Method	Purpose	Legacy
`get(name, key)`	Fetch a single secret value — returns `SecretString`	`read(name, key)`
`getAll(name)`	All secrets under a name — returns `SecretDict` (Python) / `SecretMap` (Scala)	`read(name`)
`describe(name)`	Credential description
`getMetadata(name)`	Raw metadata
`list()`	All credentials

Basic usage

# Python

pwd = synutils.credentials.get("svc-account-a", "password") 
all_secrets = synutils.credentials.getAll("svc-account-a") 
desc = synutils.credentials.describe("svc-account-a") 
print(synutils.credentials.list())

# Backward-compat alias — read() resolves to get()/getAll()
pwd = synutils.credentials.read("svc-account-a", key="password")
all_secrets = synutils.credentials.read("svc-account-a")

// Scala 

val pwd = synutils.credentials.get("svc-account-a", "password") 
val all = synutils.credentials.getAll("svc-account-a") 
val desc = synutils.credentials.describe("svc-account-a") 
println(synutils.credentials.list())

// Backward-compat alias — read() resolves to get()/getAll()
val pwd2 = synutils.credentials.read("svc-account-a", "password")
val all2 = synutils.credentials.read("svc-account-a")

Redaction — values print as `**********` by default

get() returns a SecretString; getAll() returns a SecretDict / SecretMap.
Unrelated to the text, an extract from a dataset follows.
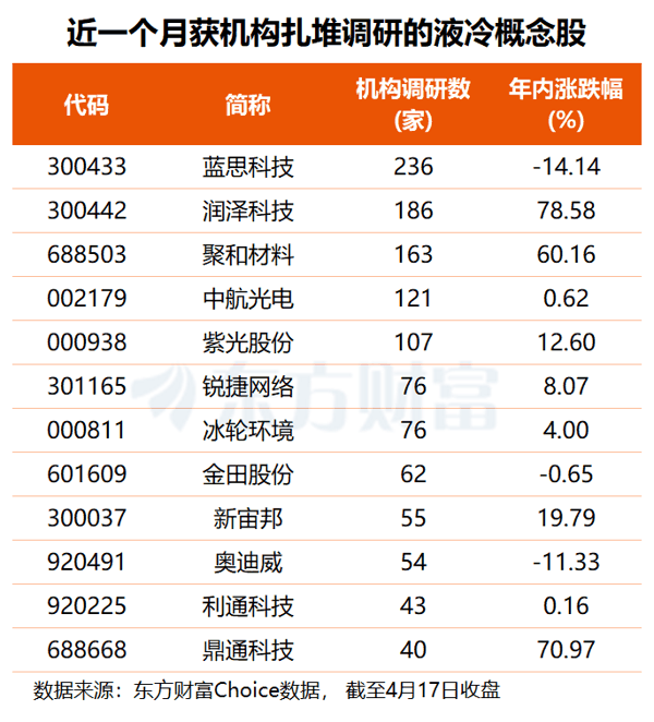 机构关注度方面,近一个月,共有17只液冷概念股获得机构调研, 蓝思科技 以236家机构调研数居首, 润泽科技 、 聚和材料 、 中航光电 、 紫光股份 均获超百家机构扎堆调研, 冰轮环境 、 金田股份 、 新宙邦 等5股亦有超50家机构给予关注。

Both override their string representation so the raw value never leaks into notebook output, logs, or exceptions.

Python

secret = synutils.credentials.get("svc-account-a", "password") 

# All of these print ********** 
print(secret)                  # ********** 
 repr(secret)                  # ********** 
f"connecting with pw={secret}" # connecting with pw=********** 
"%s" % secret                  # ********** 
secret                         # ********** (Jupyter cell last line) 

# Logging is safe too 
logger.info("got %s", secret)  # got ********** 

# Exception messages don't leak 
raise ValueError(secret)       # ValueError: ********** 

# getAll() — every value is redacted 
all_secrets = synutils.credentials.getAll("svc-account-a") 
print(all_secrets) 
# {'user': '**********', 'password': '**********', 'host': '**********'}

Scala

val secret = synutils.credentials.get("svc-account-a", "password") 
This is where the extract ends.